The whole reason why psychologists have tried to characterize people’s personality is to make useful predictions about how they are going to behave and perform across a wide range of scenarios and situations. Extroverts are loud and like to party, whereas people with aggression tend to go into fist fights. That’s the theory, but the reality – as you might have guessed – looks different.

When it comes to predicting the behavior of people, looking at their personality doesn’t really help you much. It turns out extroverts don’t necessarily like to party, and people with an aggressive potential might not like getting their hands dirty. As psychologists Todd Rose put it in his book The End of Average: “According to the mathematics of correlation […] your personality traits explain 9 percent of your behavior. Nine percent! There are similarly weak correlations between trait-based personality scores and academic achievement, professional accomplishments, and romantic success.” In short, if you want to predict how a person is going to behave, you need to look elsewhere, which brings me to my final point.

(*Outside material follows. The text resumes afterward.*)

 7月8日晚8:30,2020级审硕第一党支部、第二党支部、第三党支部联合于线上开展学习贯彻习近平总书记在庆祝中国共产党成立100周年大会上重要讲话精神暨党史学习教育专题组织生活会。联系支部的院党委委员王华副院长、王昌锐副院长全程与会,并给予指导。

Problem #3 Context and process matters more than personality

When it comes to explaining a person’s behavior, their context and the functional skills they deploy matters much more than their personality. The history of psychology is full of studies where people behaved in extraordinary ways because they have been put in extraordinary circumstances. And isn’t it true for your own life as well? Aren’t you much more likely to behave self-disciplined around certain friends and colleagues, rather than around others?

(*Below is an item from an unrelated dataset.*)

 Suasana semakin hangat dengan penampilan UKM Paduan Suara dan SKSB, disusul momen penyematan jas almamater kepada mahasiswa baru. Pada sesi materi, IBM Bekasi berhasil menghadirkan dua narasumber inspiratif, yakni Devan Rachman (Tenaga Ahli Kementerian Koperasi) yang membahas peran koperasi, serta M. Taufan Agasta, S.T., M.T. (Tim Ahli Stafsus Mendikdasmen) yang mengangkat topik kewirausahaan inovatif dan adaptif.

You can be more extroverted in one social setting, and become more introverted in another. One context might fuel you to be your best, while another might tempt you into becoming your worst. You are not one or the other. You are both, depending on your context. But that means that the skills you deploy in one situation are there, waiting to be used, in others.

The reason why you perceive your own personality as stable in large part is because you live and operate in mostly the same contexts. It is also because human culture has lived for 150 years (ever since Galton with his bell curves and standard deviations) inside normative concepts that give us no other way to think about our own behavior in context and over time. Put yourself in a new context, and you might surprise yourself about who you can become. Deploy skills you have in one situation in a new situation (such as taking the curiosity you already have and focusing it on your own difficult emotions instead of running from them) and the entire dynamical network called “your life” can change dramatically. 

The study of personality and human behavior is deeply riddled with statistical shortcomings and conceptual flaws. And though labeling ourselves as “agreeable”, “neurotic”, or “introvert” might sound “shockingly accurate”, it doesn’t do justice to the complexity that is you. You are not a label, and you don’t belong in a normative box. Reality is more complex and more idiographic than this. If you want to understand yourself and other people better, attend to the context you and others are in, and notice the function of the skills being deployed in those moments. How does the context facilitate or inhibit certain behaviors? In the service of what are you acting and reacting? 

What will “personality” look like when we stop putting normative concepts atop people? 

Let’s find out! For sure, different people will respond differently to different contexts. Healthy variation (try different things!) guided by science will help you learn to act in ways that facilitates the best in you, and inhibits your more short-sighted tendencies. And for that task you don’t need to pick a normative conceptual clown suit to crawl inside, you can start instead by looking at your own life and how you can move toward what you really want.